Perang Mata Uang Pertama Kali dalam Sejarah Arab dan Keperkasaan Dinar Islam
Dinar Islam pernah menjadi mata uang perkasa
REPUBLIKA.CO.ID, JAKARTA— Uang adalah salah satu penemuan manusia yang paling penting yang berkontribusi pada perkembangan peradaban dan pertukaran manfaat antar manusia.
Mata uang atau uang mencerminkan tahap-tahap terpenting dalam perkembangan budaya, peradaban, dan ekonomi suatu bangsa.
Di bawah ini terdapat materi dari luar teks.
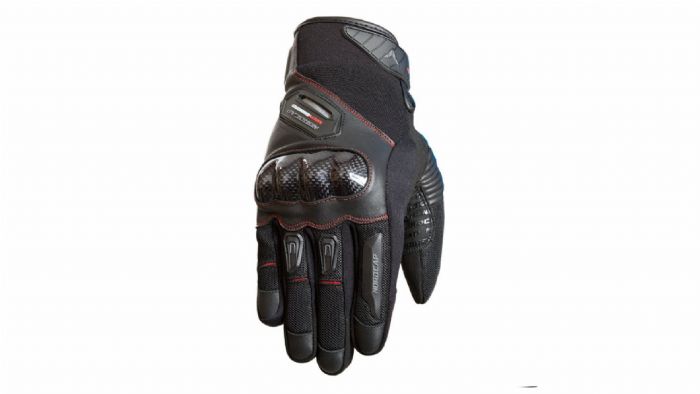 Γάντια κατασκευασµένα από δέρµα και ύφασµα µε σκληρά προστατευτικά από carbon στις αρθρώσεις.

Keberadaan mata uang khusus untuk sebuah peradaban atau negara merupakan bukti kekuatan dan perbedaan budaya dan kultur dari bangsa lain, dan tulisan serta gambar pada mata uang ini mencerminkan wajah budaya bangsa atau negara tersebut.
Awal mula era uang di dunia Arab
Uang telah melalui banyak tahap di wilayah Arab, dari barter hingga koin dan uang kertas. Dengan munculnya Islam, uang mengalami transformasi radikal dalam bentuk dan nilainya, yang mencerminkan identitas Arab-Islam dan nilai-nilai ekonomi dan peradaban bangsa baru.
Jazirah Arab memiliki posisi istimewa di antara peradaban kuno dunia, dan banyak rute perdagangan internasional yang melewatinya pada saat itu, dan Mekah adalah pusat perdagangan yang penting, yang memungkinkannya untuk berkomunikasi dengan banyak negara dan peradaban seperti Bizantium dan Persia.
Sebagai hasil dari kontak ini, bangsa Arab mengenal koin dan uang yang dicetak oleh negara-negara tersebut, dan bertransaksi dengan mereka sebelum bangsa Arab mengembangkan koin utama mereka sendiri.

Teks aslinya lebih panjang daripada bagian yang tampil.